My week is usually packed. I live quite some distance from school, so to be there is to be on the road. I teach once a week, I’m a teaching assistant, I take five classes, I write, and I’m applying for graduate school. On Mondays, I get half an hour to smoke with my friends, and I find that my pipe (which I picked out in a pipe shop downtown that feels like Ollivander’s Wands, assisted by “the pipe shop lady” who seems just like Harry Potter’s wand-maker) is like a faithful reminder that I am human, I have a home, and I was created to have Sabbath rest.
Part of the beauty of pipe smoking is that it is an organic cultural activity which requires attention and effort. Smoking a cigarette is done in less than five minutes, and cigars require little attention once they are lit, but learning to smoke a pipe is a half-hour long ordeal. Pipes are notoriously difficult to keep lit, and I’ve heard that you can expect to re-light your pipe four or five times per session during your first year. The activity requires your attention, since a pipe will go out almost immediately if you do not keep a rhythm of drawing air through the burning tobacco. This means that conversations are meandering, since one person can only talk for about 30 seconds at a time before they have to draw on their pipe. This works wonders for breaking monologues up into dialogues. And because a pipe requires half an hour of unbroken attention, my thoughts are kept away from answering emails or grading papers and drawn towards what really matters.
In a well-warranted reaction against the Enlightenment, some have re-assessed the prestige associated with rational discussion.

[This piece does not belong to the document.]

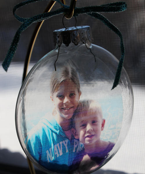 Photo Craft: Transparency Ornaments  Here is an easy-yet-frugal keepsake ornament idea that uses one of your favorite family photos in a creative way.  These clear glass ornaments can be purchased for around $1 each at store like Michaels Craft Stores or Joann Fabrics.  They make a fun gift for grandparents or far-away aunts and uncles.

We once believed that all our problems could be solved through public reason; now we admit that emotion and feeling and sense and commitment are important for human life. However, I think that pipe smoking has afforded some of the best conversations in my life, all characterized by reasoning. My friends and I have lively debates and sharp disagreement and real friendship when we smoke together, debates that are characterized by reason.

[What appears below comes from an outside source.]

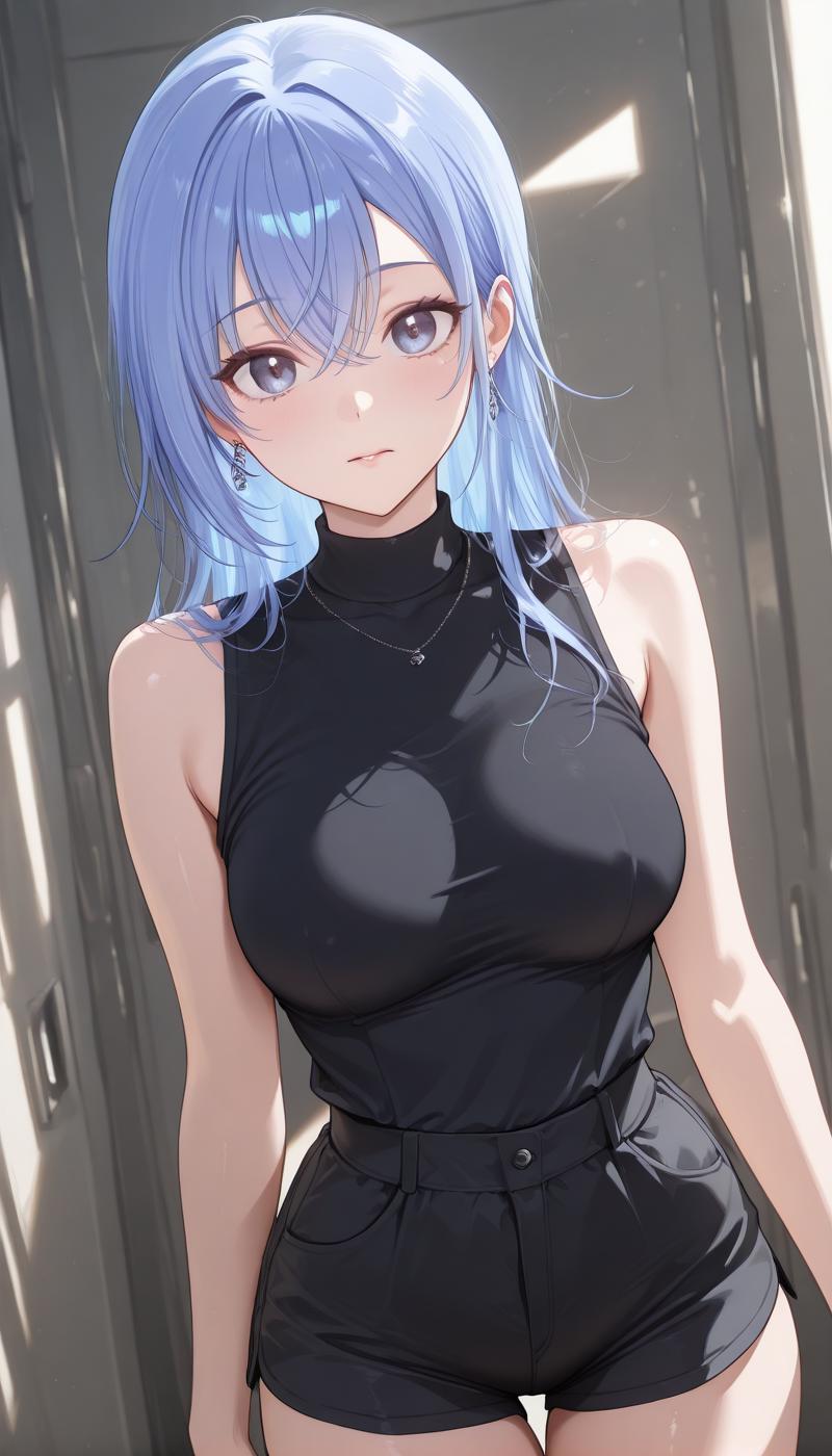 셔츠, 보석, 어깨 노출, collarbone, 허벅지, 귀걸이, 반바지, 소매 없음, 중간 길이 머리, 목걸이, 검은 셔츠, 소매 없는 셔츠, 짧은 반바지, 터틀넥, 검은 반바지, 허벅지 간격, 눈에 기호, 팔밑 주름, 소매 없는 터틀넥, 눈에 별, 팔 노출,

I believe that in reacting against rationality, we may have pushed the pendulum too far away into the other side—setting reason to work in the right context may provide all kinds of new insights. Just as pipe smoking is great in the right context (for example, I often wish I could smoke in the library, but I understand that the consequences of this action would be disastrous), reason needs to be in its proper place. Perhaps the church or the school is not the best place for rationality to hold total sway, but when we are smoking, debating about our deepest loves and commitments and work can really be enjoyable.
It is not by coincidence that pictures of many of history’s prominent intellectuals include a pipe. The activity of smoking is sometimes just what is required for the Sabbath rest that God’s stressed servants need.